→ **EXERCISE DIRECTIONS**
Starting at the top of the records below and ending with the line that contains "Zip-up beaded fluffy", print each line exactly as written, skipping the pictures.
Start of SOURCE MATERIAL
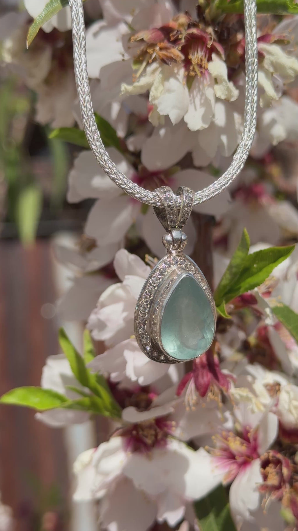 This elegant pendant features a beautifully faceted Aquamarine, framed by a radiant White Topaz pavé halo that enhances the stone’s brilliance and clarity. The precision faceting allows light to pass cleanly through the Aquamarine, highlighting its serene blue tone and exceptional transparency.
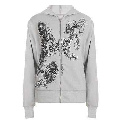 Zip-up beaded fluffy hoodie bowknot long sleeve top
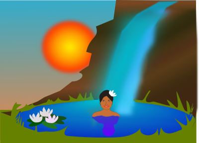 image: bathing in a waterfall
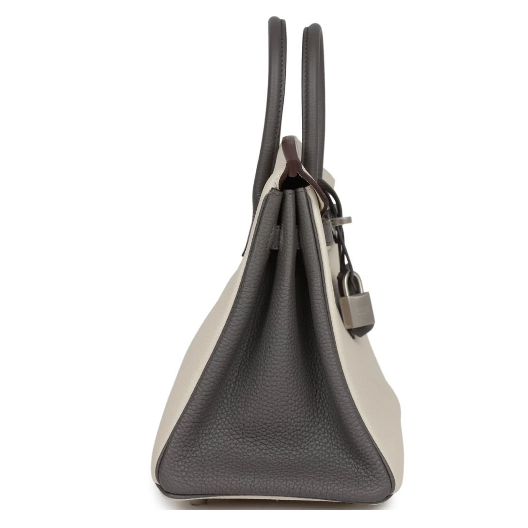 This Special Order Hermès Birkin is crafted from a sophisticated combination of Beton and Etain togo leather with brushed palladium hardware. The bag features contrast stitching, a front flap, two straps with a center toggle closure, a clochette with a lock and two keys, and double rolled handles, combining classic elegance with practical design.
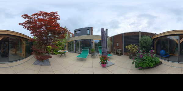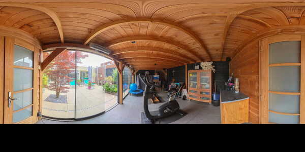 De achtertuin ligt op het zuiden en is betegeld met grote keramische tegels die gemakkelijk te onderhouden zijn. De riante overkapping, gebouwd van Douglas hout en Zweeds rabbat is volledig afsluitbaar met glazen schuifwanden. Hier bevindt zich ook de toegang tot de berging en de Finse sauna, ideaal voor ontspanning na een drukke dag. De tuin wordt compleet afgesloten en biedt optimale privacy door de sfeervolle beplanting en de stenen muur aan de zijkant.
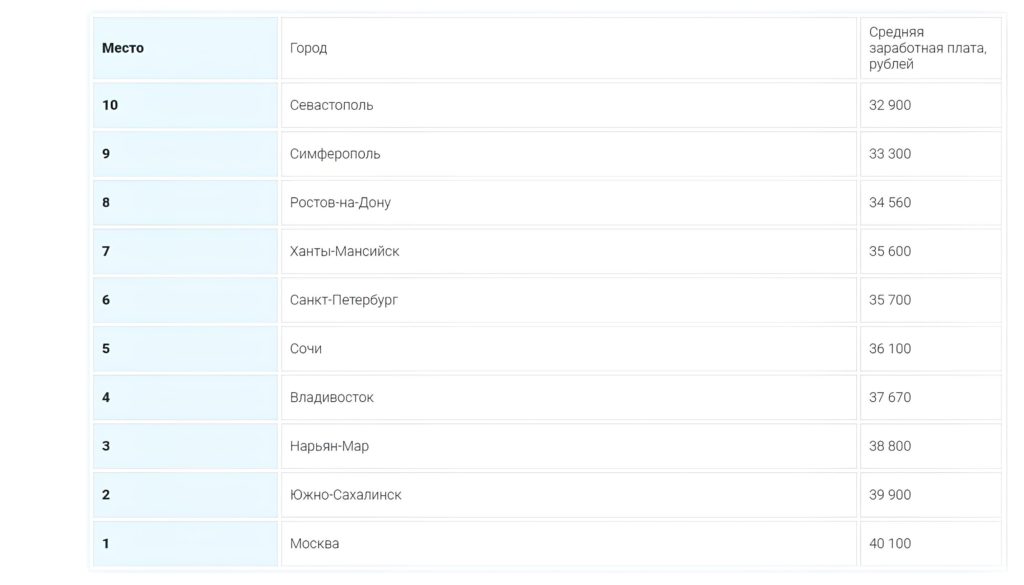 Размер заработной платы напрямую зависит от города. Вот официальные цифры по российским городам (сразу скажем, что это зарплата «чистыми», то есть без учета премий, чаевых и прочих дополнительных вариантов получения дохода):
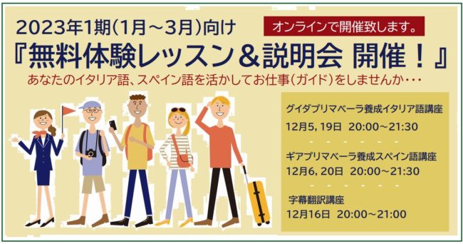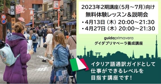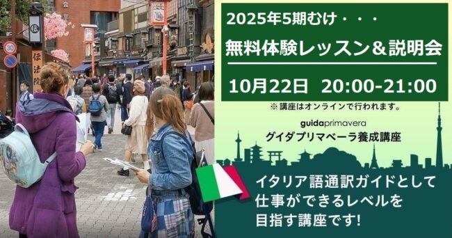 9月15日開講の「グイダプリマベーラ養成オンラインスペイン語講座」の無料体験レッスン&説明会を開催致します! 前回に引き続き、オンラインでの開催となります! 訪日ガイド・アシスタントのお仕事に必要な知識・技術をスペイン語で学んでいきましょう!
End of SOURCE MATERIAL
→ **EXPECTED OUTPUT**
 This elegant pendant features a beautifully faceted Aquamarine, framed by a radiant White Topaz pavé halo that enhances the stone’s brilliance and clarity. The precision faceting allows light to pass cleanly through the Aquamarine, highlighting its serene blue tone and exceptional transparency.
 Zip-up beaded fluffy hoodie bowknot long sleeve top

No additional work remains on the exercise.